------ Source data

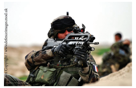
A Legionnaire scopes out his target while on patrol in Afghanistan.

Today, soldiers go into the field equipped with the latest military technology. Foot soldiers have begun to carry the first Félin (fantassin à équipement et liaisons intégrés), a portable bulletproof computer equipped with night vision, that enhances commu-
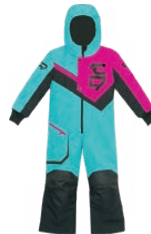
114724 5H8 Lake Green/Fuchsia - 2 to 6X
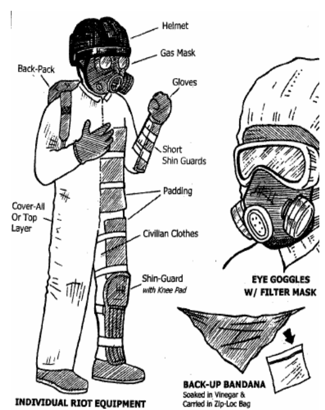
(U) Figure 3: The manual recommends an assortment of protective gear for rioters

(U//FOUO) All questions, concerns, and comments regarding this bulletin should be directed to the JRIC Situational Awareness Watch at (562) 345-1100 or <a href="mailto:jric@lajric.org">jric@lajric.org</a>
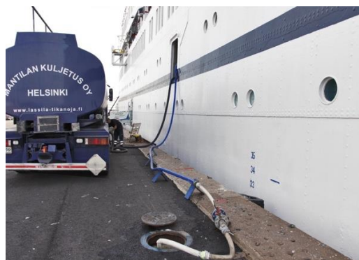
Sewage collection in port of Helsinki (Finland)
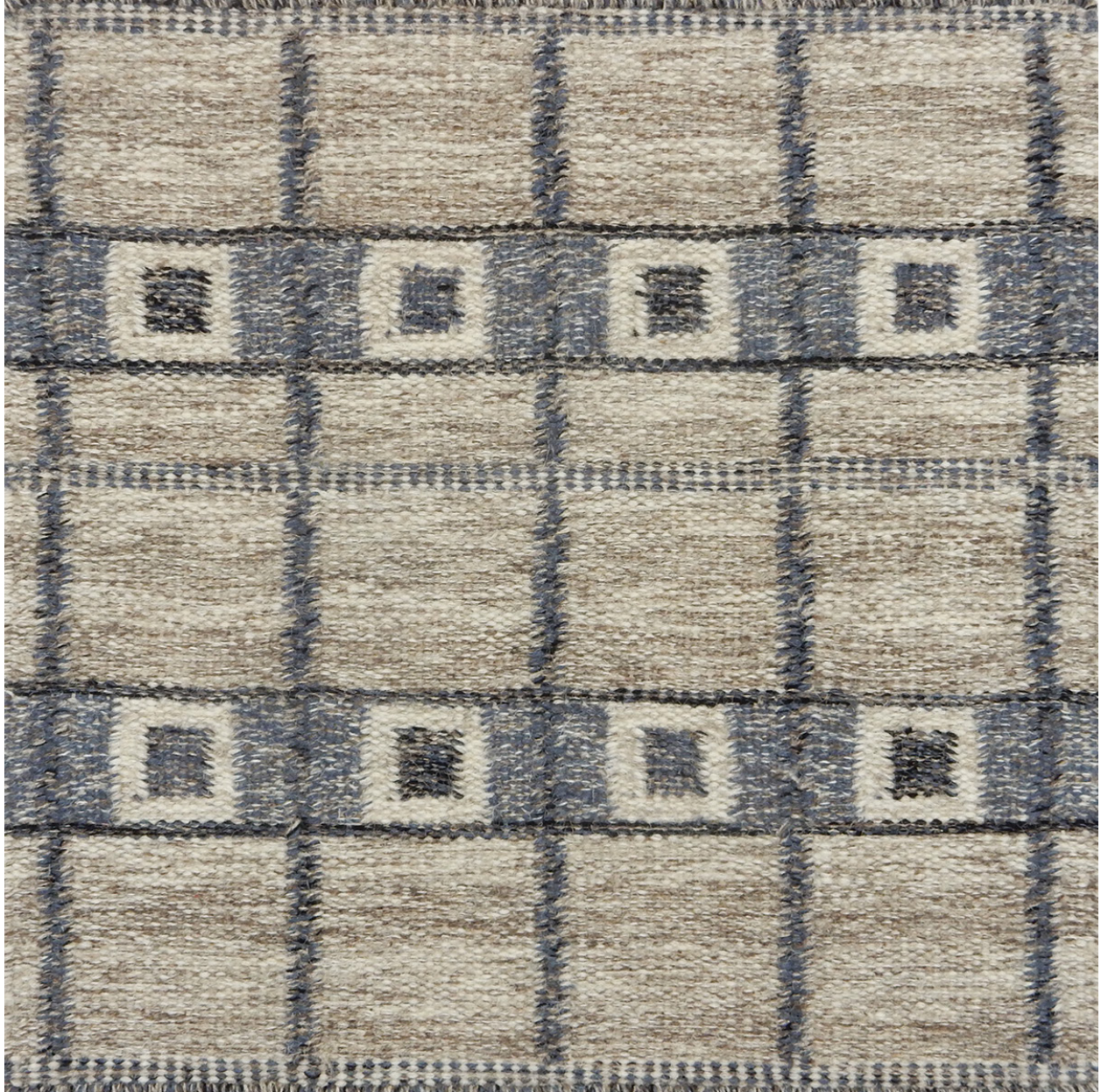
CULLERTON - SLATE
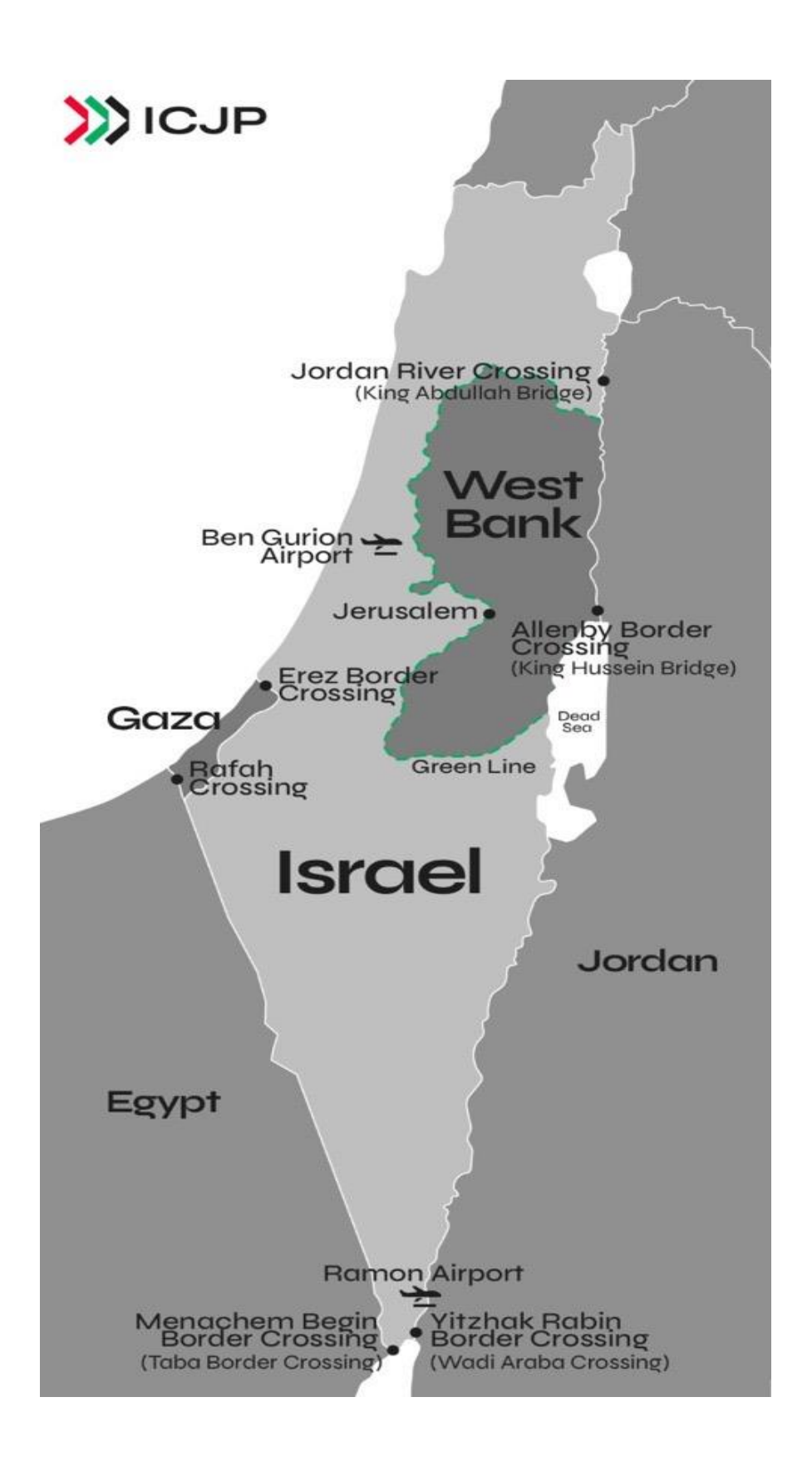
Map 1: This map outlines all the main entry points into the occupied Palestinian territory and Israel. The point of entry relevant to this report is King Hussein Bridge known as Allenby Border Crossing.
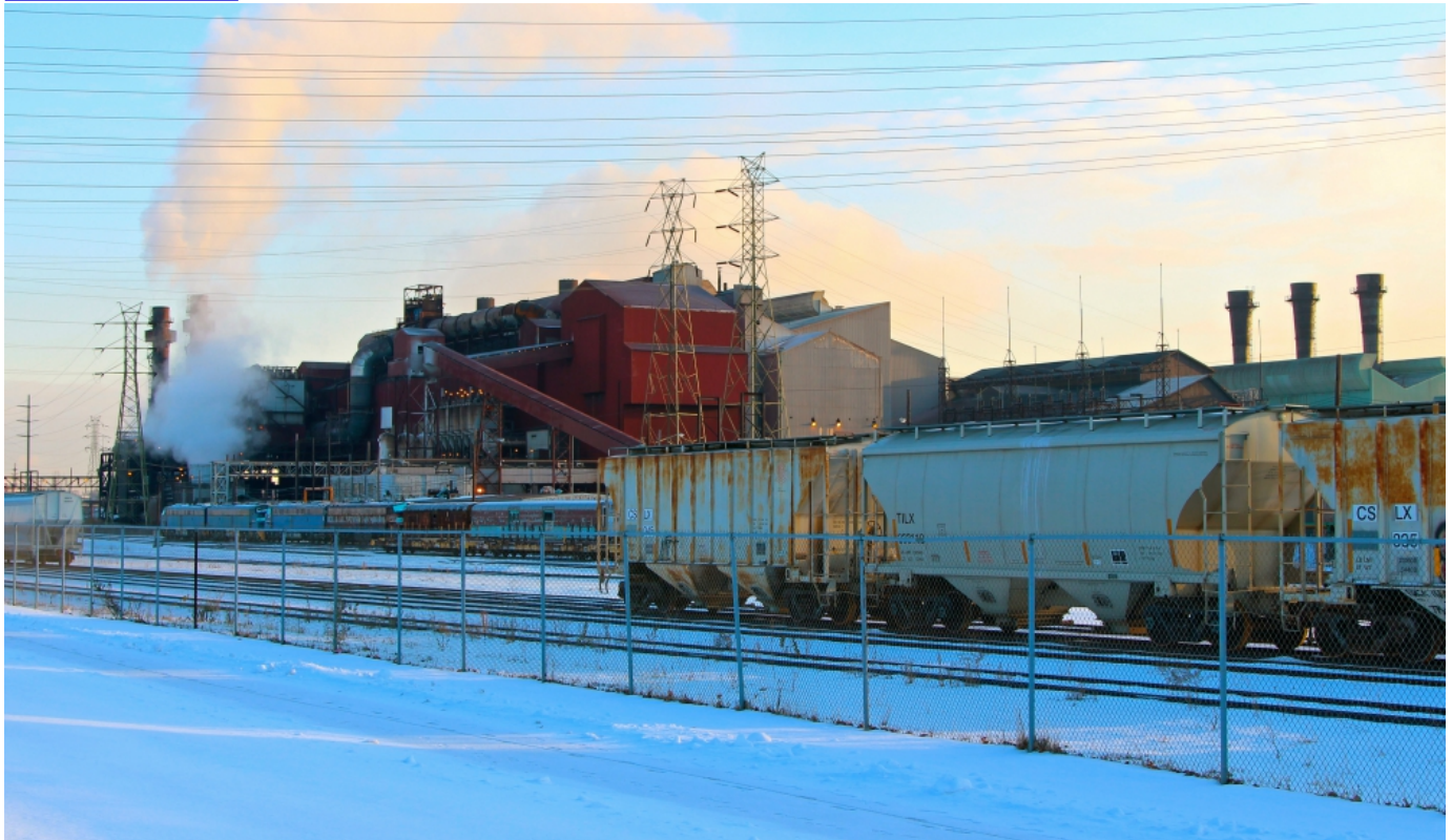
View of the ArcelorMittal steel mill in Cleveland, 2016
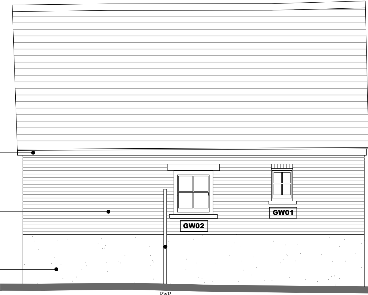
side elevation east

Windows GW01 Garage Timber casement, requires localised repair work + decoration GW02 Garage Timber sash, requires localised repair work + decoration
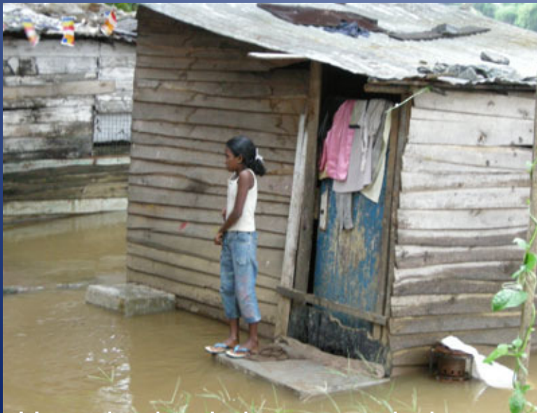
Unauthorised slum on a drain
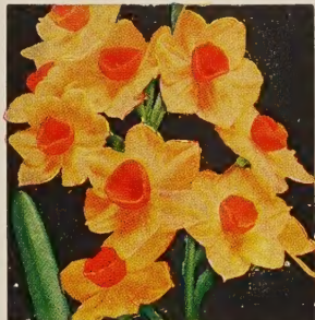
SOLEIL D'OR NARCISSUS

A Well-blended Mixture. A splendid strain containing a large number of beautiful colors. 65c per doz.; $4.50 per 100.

------------

Your goal
Please output every entry exactly as written, apart from the pictures.

Written solution
A Legionnaire scopes out his target while on patrol in Afghanistan.

Today, soldiers go into the field equipped with the latest military technology. Foot soldiers have begun to carry the first Félin (fantassin à équipement et liaisons intégrés), a portable bulletproof computer equipped with night vision, that enhances commu-
114724 5H8 Lake Green/Fuchsia - 2 to 6X
(U) Figure 3: The manual recommends an assortment of protective gear for rioters

(U//FOUO) All questions, concerns, and comments regarding this bulletin should be directed to the JRIC Situational Awareness Watch at (562) 345-1100 or <a href="mailto:jric@lajric.org">jric@lajric.org</a>
Sewage collection in port of Helsinki (Finland)
CULLERTON - SLATE
Map 1: This map outlines all the main entry points into the occupied Palestinian territory and Israel. The point of entry relevant to this report is King Hussein Bridge known as Allenby Border Crossing.
View of the ArcelorMittal steel mill in Cleveland, 2016
side elevation east

Windows GW01 Garage Timber casement, requires localised repair work + decoration GW02 Garage Timber sash, requires localised repair work + decoration
Unauthorised slum on a drain
SOLEIL D'OR NARCISSUS

A Well-blended Mixture. A splendid strain containing a large number of beautiful colors. 65c per doz.; $4.50 per 100.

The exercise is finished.